Video Screencast Help
Symantec Appoints Michael A. Brown CEO. Learn more.

Symantec Mobile Device Management 7.1 Proof of Concept - Part III: Obtaining and Installing an Apple APNS Certificate For a Mobile Management 7.1 Proof of Concept

Created: 19 Oct 2011 • Updated: 21 Oct 2011 | 1 comment
Language Translations
InsentraCameronM's picture
+4 4 Votes
Login to vote

Warning

THIS WALKTHROUGH is PROVIDED "AS IS" WITHOUT WARRANTY OF ANY KIND, EITHER EXPRESSED OR IMPLIED, INCLUDING, BUT NOT LIMITED TO, THE IMPLIED WARRANTIES OF MERCHANTABILITY AND FITNESS FOR A PARTICULAR PURPOSE. THE ENTIRE RISK AS TO THE QUALITY AND PERFORMANCE OF THE WALKTHROUGH IS WITH YOU. SHOULD THE WALKTHROUGH PROVE DEFECTIVE, YOU ASSUME THE COST OF ALL NECESSARY SERVICING, REPAIR OR CORRECTION.

Generating an APNS Certificate Request (Symantec Mobile Management 7.1 User Guide, 2011, p. 38)
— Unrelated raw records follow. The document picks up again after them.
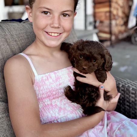 Alexis was incredibly responsive and helpful with all of our questions. As this was our first family puppy, she took the time to share her experience and made us feel confident and prepared. Piper is absolutely wonderful—she came to us already pre-crate trained and was sleeping through most of the night during her first week home. She’s so loving, which speaks volumes about the caring environment she came from. We’re beyond happy to have her as part of our family!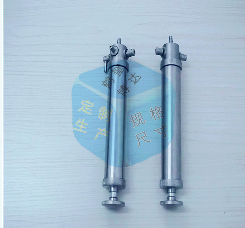 主要由三通閥門、進(jìn)氣口、出氣口、膠塞閥、拉桿、活塞、氣筒及密封圈等部件組成。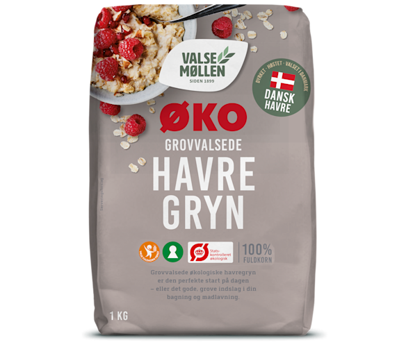 Valsemøllen Økologiske Havregryn er dyrket efter bæredygtige økologiske metoder uden kemi og kunstgødning. Derfor er økologi et godt sted at starte, når du gerne vil gøre en forskel – både for naturen, dig selv og din familie. Økologiske havregryn fra Valsemøllen er det perfekte morgenmåltid, fordi det giver en god start på dagen med vitaminer, mineraler og en god mæthedsfornemmelse fra de vigtige kostfibre. Nyd dem med mælk som havregryn eller i en müsli. Prøv også havregryn i madlavningen, fx til panering, sunde snacks eller til at give hjemmebagte brød og boller ekstra grovhed, smag og fylde. Havregryn er en nem vej til fuldkorn og fibre, fordi havregryn er 100 % fuldkorn. Fødevarestyrelsen anbefaler mindst 75 g fuldkorn om dagen som en del af en varieret kost. Produktet indeholder 100 g fuldkorn pr. 100 g. Valsemøllen Økologiske Havregryn passer godt ind i en balanceret kost og en sund livsstil. Valsemøllen Økologiske Havregryn indeholder betaglucan – en naturlig fiber, der har vist sig at sænke kolesterolindholdet i blodet.Et højt kolesterolindhold i blodet øger risikoen for udvikling af hjertekarsygdomme. For at få en positiv virkning på kolesterolværdien bør man indtage 3 g betaglucan hver dag. En portion grovvalsede havregryn (40 g) indeholder ca. 1,3 g betaglucan.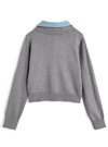 シャツを重ね着したようなレイヤード風デザインのニットトップス。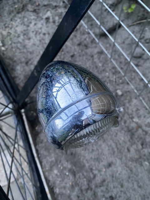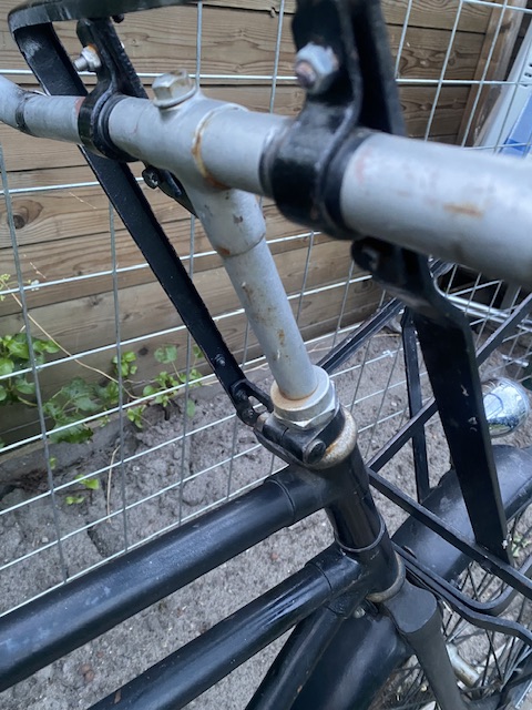 Oud ding, zeer doorleefd, ik hou daar wel van. Heeft geen van de Transportfietskenners een idee over het merk?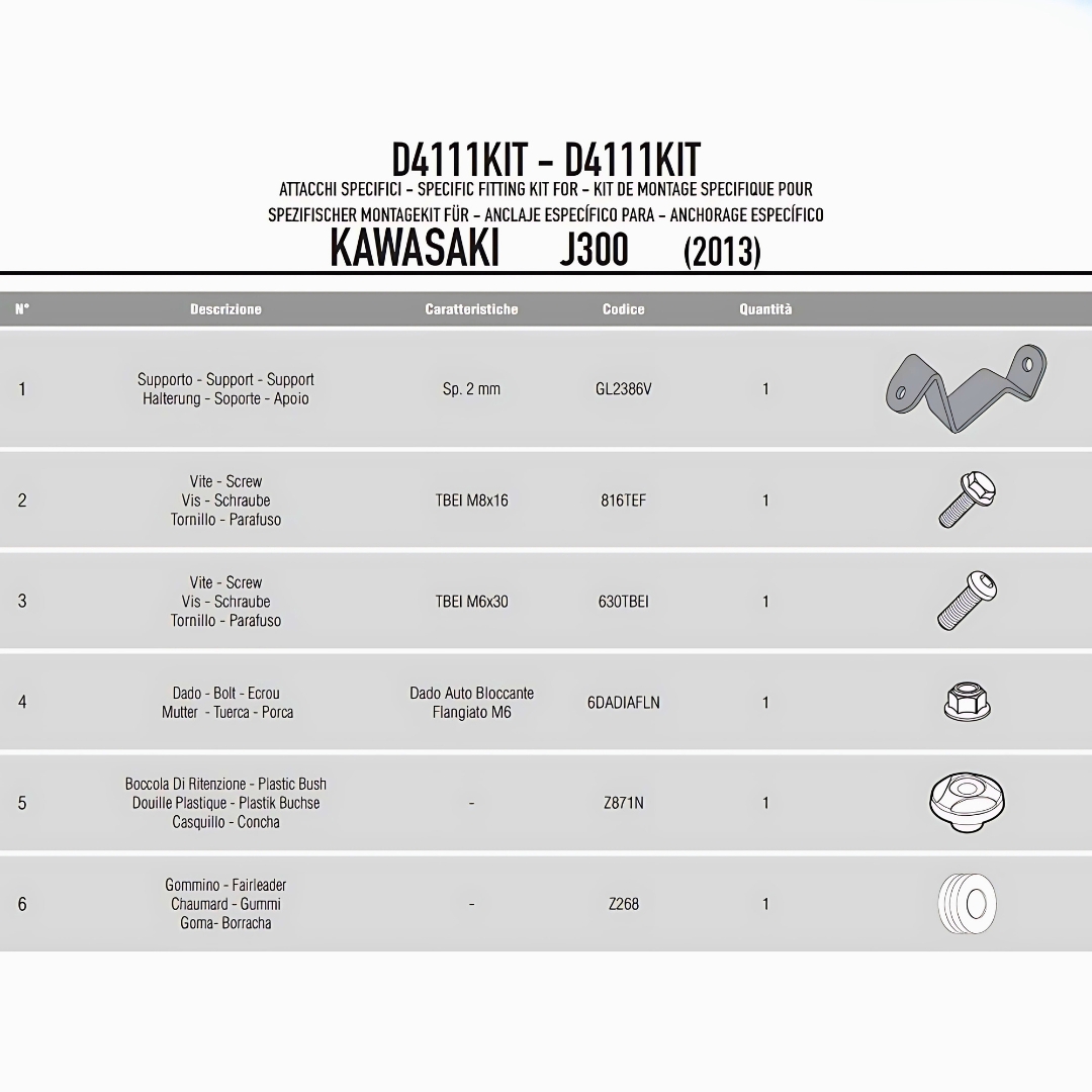 IL KIT KAPPA MOTO D4111KIT È UN SET DI ATTACCHI SPECIFICI PROGETTATO PER IL MONTAGGIO DEL CUPOLINO TRASPARENTE ORIGINALE KAPPA MODELLO D4111DT SULLA MOTO KAWASAKI J300 ANNO 2014. QUESTO KIT È ESSENZIALE PER GARANTIRE UNA CORRETTA E STABILE INSTALLAZIONE DEL CUPOLINO, ASSICURANDO SICUREZZA, BUONA RESA AERODINAMICA E PROTEZIONE DAL VENTO DURANTE LA GUIDA.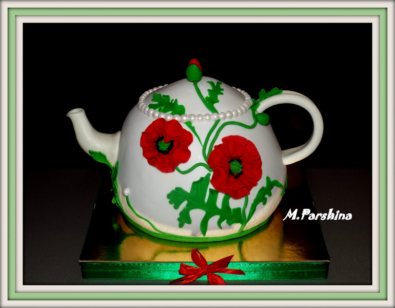 Чайник для свекрови,у которой день рождения 9 марта,но отмечаем почти всегда 8 марта.Начинка медовик с ананасом и орехом.Вес 3,6 кг.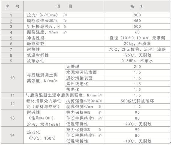 高分子自粘防水材料是用高分子片材(TPO)涂以非沥青自粘胶料,覆隔离膜,而生产的具有高分子防水材料和自粘双重效果的新型防水材料;该材料集高分子防水卷材和自粘卷材优点于一身,大大提高了抗穿刺、耐候、自愈、耐高低温等性能,物理性能更优异,化学性能更稳定;新型的高分子自粘防水卷材能够与混凝土结构层粘结为一体,中间无窜水隐患;即使卷材局部遭遇破坏,又基本上被混凝土结构堵塞,从中可以看出:即使不完美的卷材防水层和同样不完美的混凝土结构层,互为藩篱,形成了完美的防水体系,大大提高了防水层的可靠性。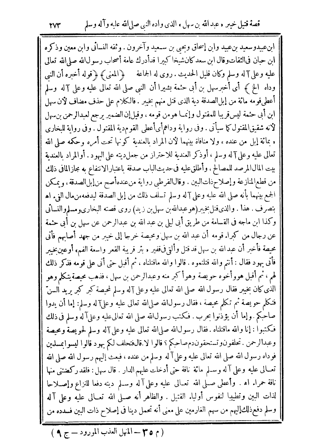 فتكلم حويصة ثم تكلم محيصة، فقال رسول الله صلى الله تعالى عليه وعلى آله وسلم: إما أن يدوا صاحكبم. وإما أن يؤذنوا بحرب. فكتب رسول الله صلى الله تعالى عليه وعلى آله وسلم في ذلك فكتبوا: إنا والله ما قتلناه. فقال رسول الله صلى الله تعالى عليه وعلى آله وسلم لحويصة ومحيصة وعبد الرحمن. تحلفون وتستحقون دم صاحبكم؟ قالوا لا. قال فتحلف لكم يهود قالوا ليسوا بمسلمين فوداه رسول الله صلى الله تعالى عليه وعلى آله وسلم من عنده، فبعث إليهم رسول الله صلى الله تعالى عليه وعلى آله وسلم مائة ناقة حتى أدخلت عليهم الدار. قال سهل: فلقد ركضتني منها ناقة حمراء اهـ.

Note: In addition to hardware requirements and software requirements, you must meet the following requirements before you can set up and install a Mobile Device Management certificate:

  • Be a member of the iOS Developer Enterprise Program. You can sign up for membership of the OS Developer Enterprise Program at the following URL: http://developer.apple.com/programs/ios/enterprise/
  • Have a Mobile Device Management agreement. You must contact Apple directly to acquire the agreement. The agreement allows your iOS Developer Enterprise Program membership to send MDM commands through the Apple Push notification service.

 

  1. Open IIS Manager by clicking Start > Administrative Tools > Internet Information Services (IIS) Manager
  2. When IIS Manger opens click on servername
  3. In the center pane, double click on Server Certificates
  4. In the right hand pane click on Create Certificate Request…
  5. On the Distinguished Name Properties page fill in the following information and click Next:
    1. Common Name: servername.domain.com
    2. Organization: CompanyName
    3. Organizational Unit: DepartmentName
    4. City/locality: CityName
    5. State/province: StateName
    6. Country/region: CountryName
  6. On the Cryptographic Service Provider Properties, in the Cryptographic service provider drop-down menu, select Microsoft RSA SChannel Cryptographic Provider, and page change the Bit Length to 2048 and click Next
  7. On the File Name page specify the file name for the certificate request (ie. AppleCertRequest.txt) and click Finish

Setting Up an App ID and Download an APN Certificate (Symantec Mobile Management 7.1 User Guide, 2011, pp. 38 - 39)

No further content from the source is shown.